Parsing the data is a specific business logic function which may or may not have contention. In our case, we assumed that the tag data read can be processed by the same thread without any other resource constraint.

Finally the key optimization is in writing the output. We specifically implemented some key assumptions which will avoid contention while writing the data:

· We create a file per tag per thread per instance of the worker role. So once the thread picks up the data from the input file, it will own the files related to the tags it processes. There is literally no contention.

· We also index the data in Azure Table so that we know which file contains which data point. Azure Table will only contain the file and the tag along with the timestamp.

Use Queues to optimize processing

Queues are used in this pattern to list the work that remains to be done.

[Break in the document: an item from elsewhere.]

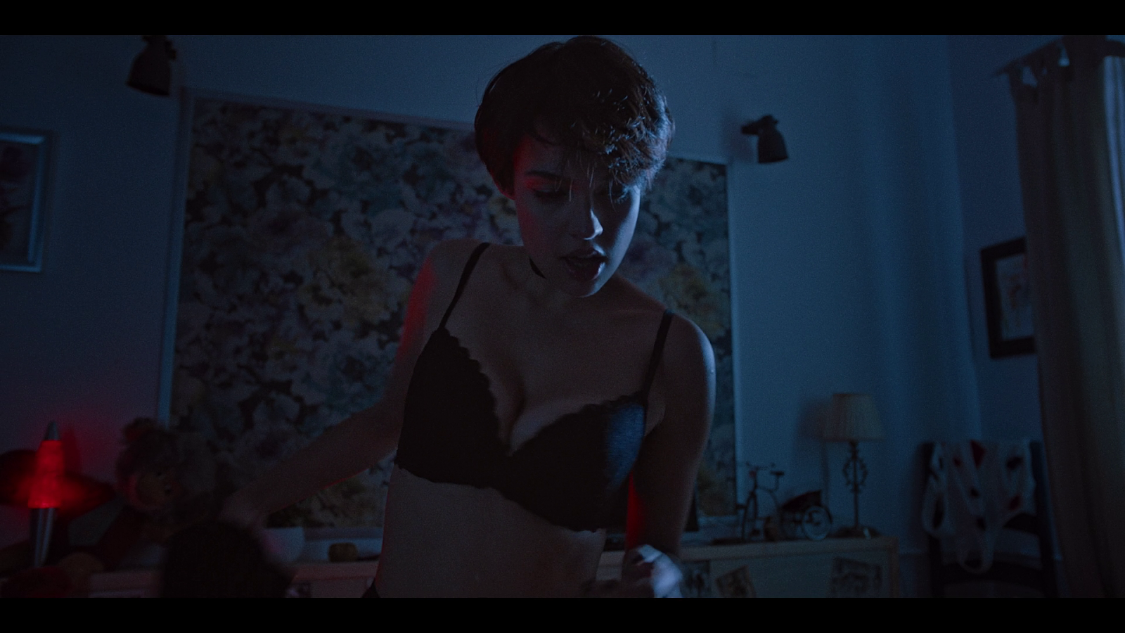 Naked beauty in a blue room

The worker roles will poll the queue and then process the input files based on the messages in the queue. The messages will be deleted by the worker role only after it has written to the output file.

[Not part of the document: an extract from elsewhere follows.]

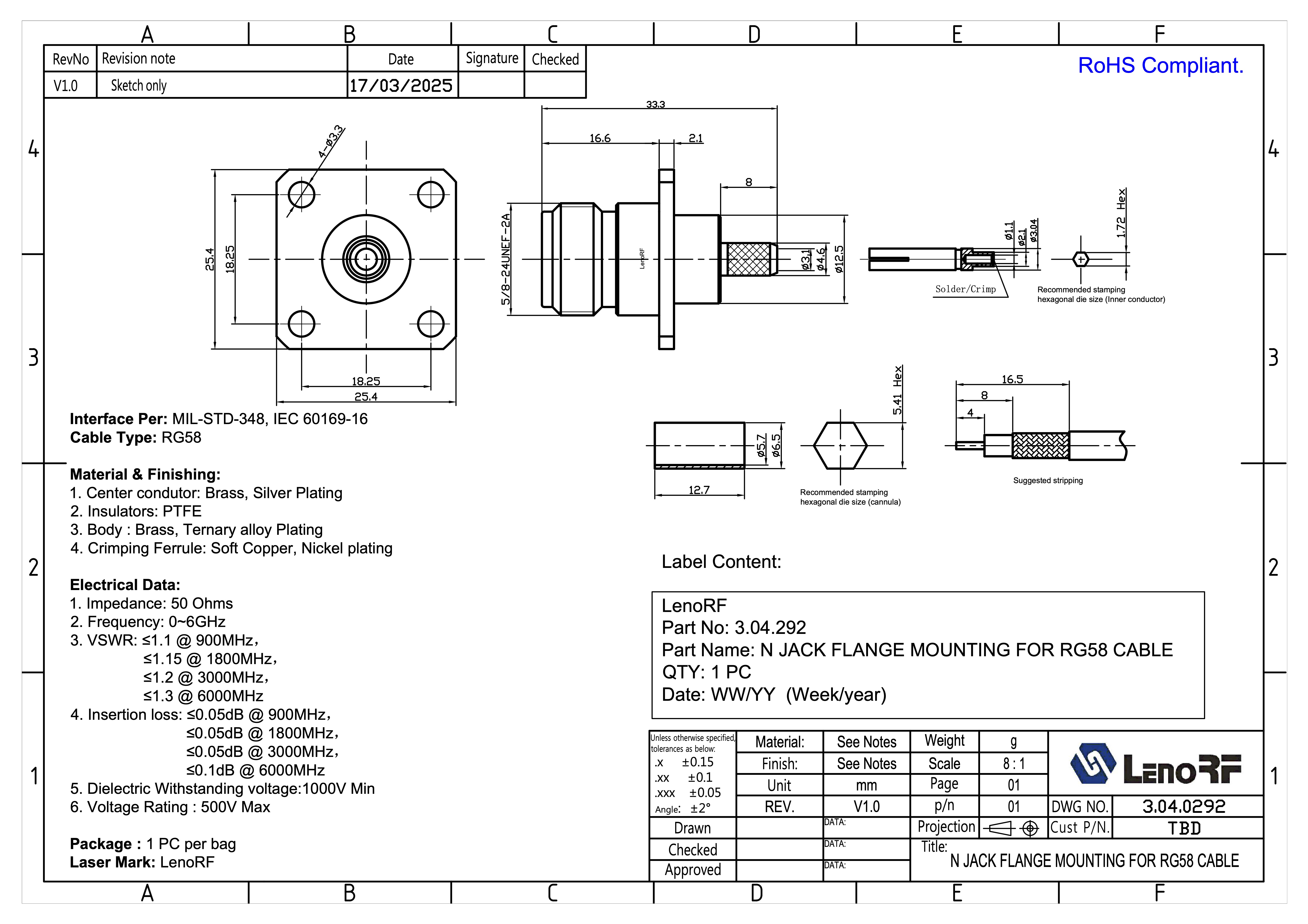 Відповідає стандартам: MIL-STD-348, IEC 60169-16

In general, use one queue and multiple processors to achieve highest throughput is an efficient way to process multiple requests.

Asynchronous Processing

This loosely-coupled pattern helps with both contention and scale-out of resources. In our case the reading and writing are done by worker roles who are not dependent on each other as well as on the order of processing. They will process the work from the queue and update the queue

Resiliency

All of the data in Azure gets stored in at least 3 copies (For local redundant storage) and 6 copies across two datacenters (for Geo-Redundant storage). This assures that we will not lose either the input or output in event of a disaster.

If any role goes down, the message in the queue doesn’t get deleted and it will be picked up by the other instances as a part of the next batch of messages.

Further customization for optimizing a specific workload

Our current project was a Proof of Concept. For real applications there are multiple customizations which would need to be done to fit their specific requirements.

Batch Size

In our implementation we processed messages in batches of 10. This has a direct impact on memory as well as processing time for an instance. Too few batch sizes would increase the impact of the time to retrieve & process a message, and too large batch size would potentially starve other role instances.

Memory used

If the actual business logic in the worker role is dependent on memory, then the code will need to change to accommodate that. This could be implemented by reducing batch size, processing tags in a different way.

Tag compression and decompression

Our input data as well as the output data is the simplest implementation of streaming sensor data. Almost all of the available sensor data collection systems utilize some compression. The compression can be significant if the data doesn’t change that often. This can be leveraged to project an even higher number of tags per second.

Tenant prioritization

Currently we treat all tenants (represented as Datasets) equally. This could be easily modified to prioritize tenants or a set of tenants.